• _PROBLEM STATEMENT_
Look below for the line containing "Fig.2 Space distributions" and the line containing "Phản ứng cực", then set down both and every line between them exactly, without pictures.

• _SOURCE DATA_
━━━━━━

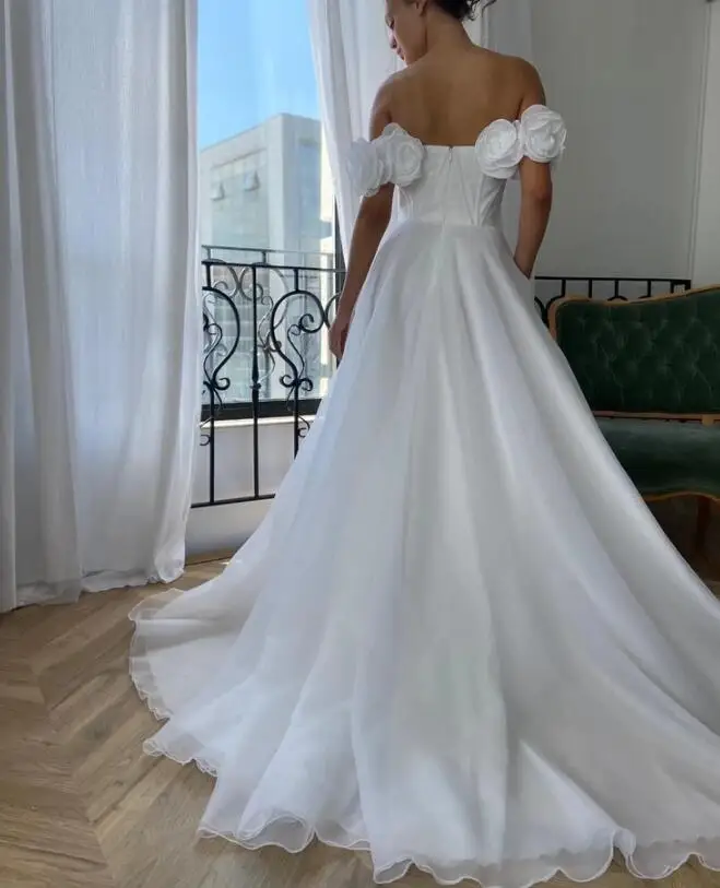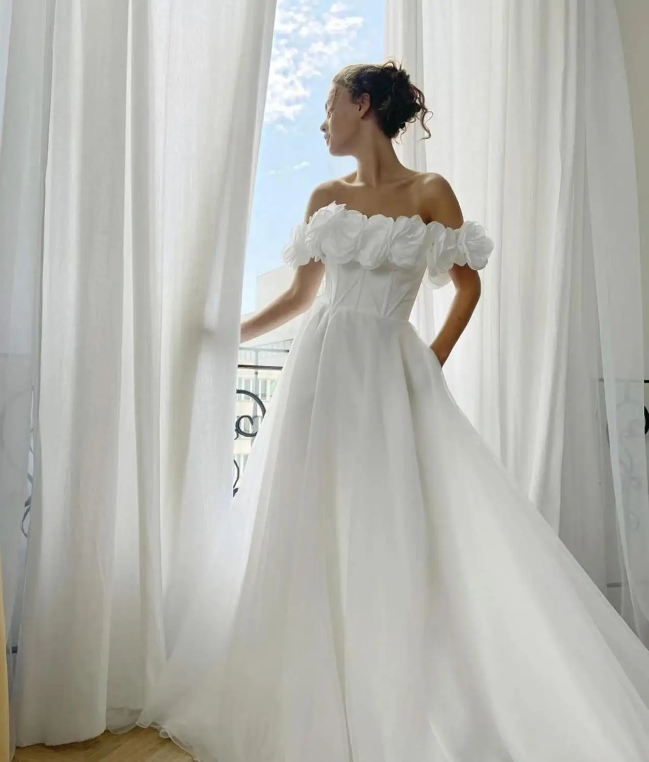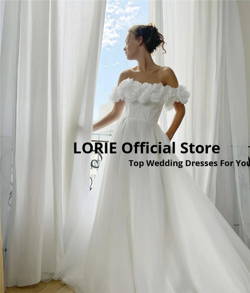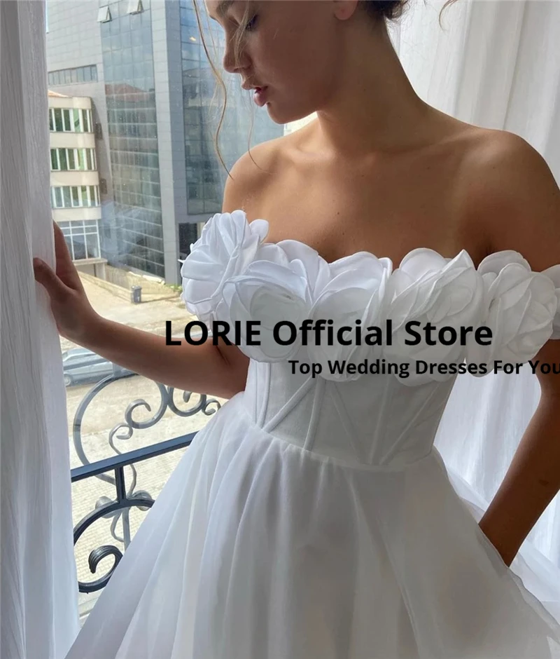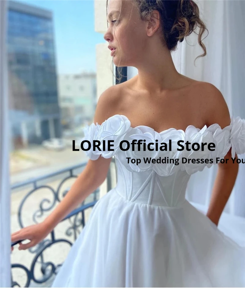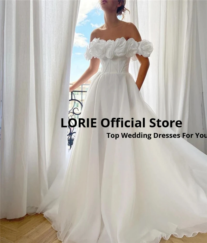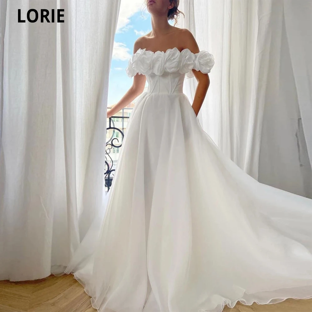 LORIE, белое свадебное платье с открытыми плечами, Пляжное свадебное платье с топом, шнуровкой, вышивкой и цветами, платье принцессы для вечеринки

━━━━━━

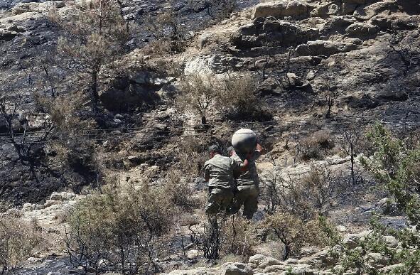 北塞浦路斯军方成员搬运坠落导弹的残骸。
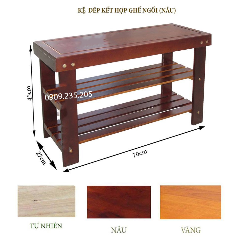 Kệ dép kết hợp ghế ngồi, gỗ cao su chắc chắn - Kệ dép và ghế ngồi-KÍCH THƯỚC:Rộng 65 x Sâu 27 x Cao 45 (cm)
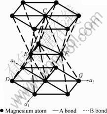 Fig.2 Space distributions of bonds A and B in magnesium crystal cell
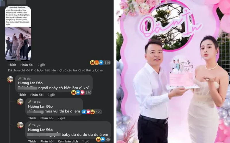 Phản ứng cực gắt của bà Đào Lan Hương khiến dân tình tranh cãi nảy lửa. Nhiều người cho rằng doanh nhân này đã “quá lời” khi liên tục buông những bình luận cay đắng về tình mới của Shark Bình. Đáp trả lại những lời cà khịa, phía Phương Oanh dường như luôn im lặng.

━━━━━━

• _THE COMPLETED TASK_
 Fig.2 Space distributions of bonds A and B in magnesium crystal cell
 Phản ứng cực gắt của bà Đào Lan Hương khiến dân tình tranh cãi nảy lửa. Nhiều người cho rằng doanh nhân này đã “quá lời” khi liên tục buông những bình luận cay đắng về tình mới của Shark Bình. Đáp trả lại những lời cà khịa, phía Phương Oanh dường như luôn im lặng.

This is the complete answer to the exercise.